Neither China’s role nor concerns about China’s role are new to the SEA Games. At the 25th
SEA Games in Laos in 2009, underlying negative feelings towards China
were fanned by the proposed location of the National Sports Complex,
said Simon Creak, an associate professor at Kyoto University’s Centre
for Southeast Asian Studies who has researched and written extensively
on the past two SEA Games.
“Chinese finance and developers were
enlisted to fund and construct the new National Sports Complex on the
outskirts of Vientiane, reputedly worth US$100 million. In return, the
developers were granted a concession to develop 1640 hectares of land in
the That Luang Marsh in central Vientiane – near the revered That Luang
stupa, the country’s most important Buddhist site and national symbol,”
Mr Creak said.
“This project and popular responses to it
exacerbated existing antipathies towards the growing Chinese presence –
and visibility – in Laos,” he said.
“The project was slammed by
locals – including, apparently, members of the ruling Lao People’s
Revolutionary Party, who had not been consulted – with much of the
criticism framed in anti-Chinese terms. Anonymous online critics accused
Somsavat Lengsavat, the government minister [and a senior deputy prime
minister] of ‘treason’, based on the perception that his Chinese
heritage made him unduly favourable to Chinese interests.”

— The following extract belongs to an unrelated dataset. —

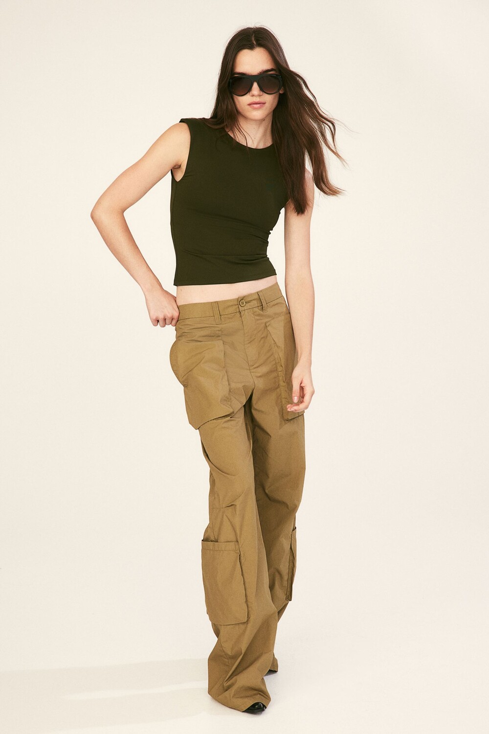 Облегающий топ без рукавов из эластичного трикотажа. Круглый вырез, объемные плечи.

Eventually the complex was moved to a less controversial location.
In
Myanmar, the SEA Games represents an opportunity for China to assert
its soft power at a time when its political, if not economic, influence
in the country appears on the wane. Sport could provide a new and
potentially low-risk avenue for the Chinese government and Chinese firms
to expand engagement with Nay Pyi Taw.
China has also been on
the receiving end of this kind of diplomatic maneuvering. Eighteen years
before it hosted the 2008 Olympics, Beijing hosted the Asian Games.
It
was a little more than a year after the Tiananmen Square protests and
the fallout from the massacre left China with few friends willing to
assist in them to organise what, at that time, was the largest
international sporting event China had hosted.
“According to
diplomatic sources, many multinational corporations still active in
China have withdrawn their support for the games since last year's
crackdown, which left several hundred people dead. These sources said
that international outrage over the crackdown has all but eliminated
China's hopes of persuading the International Olympic Committee to hold
the Summer Olympics of 2000 in Beijing,” Mark Fineman reported in The
Los Angeles Times in January 1990.
Breaking with the
international community, South Korea, the host of the 1986 Asian Games
and 1988 Olympics, stepped forward to lend its expertise to China,
despite the two countries not having formal diplomatic ties. Two years
later, in August of 1992, the once bitter foes normalised relations.
But
Myanmar and China already have strong ties and there is some skepticism
over Chinese intentions in providing assistance, and potential strings
that may be attached to the support.
“There are some countries
that have assisted Myanmar and they never expect anything. But I believe
this Chinese assistance for the SEA Games was the kind of a give and
take with the expectation of returns from Myanmar, rather than a pure
goodwill,” said U Khine Maung Yi, the Pyithu Hluttaw representative for
Ahlone and a member of the Pyithu Hluttaw Sport, Culture, Literature and
Art and People Relations Committee.
“They [China] try to enter Myanmar through any means … but they usually just see business opportunities.”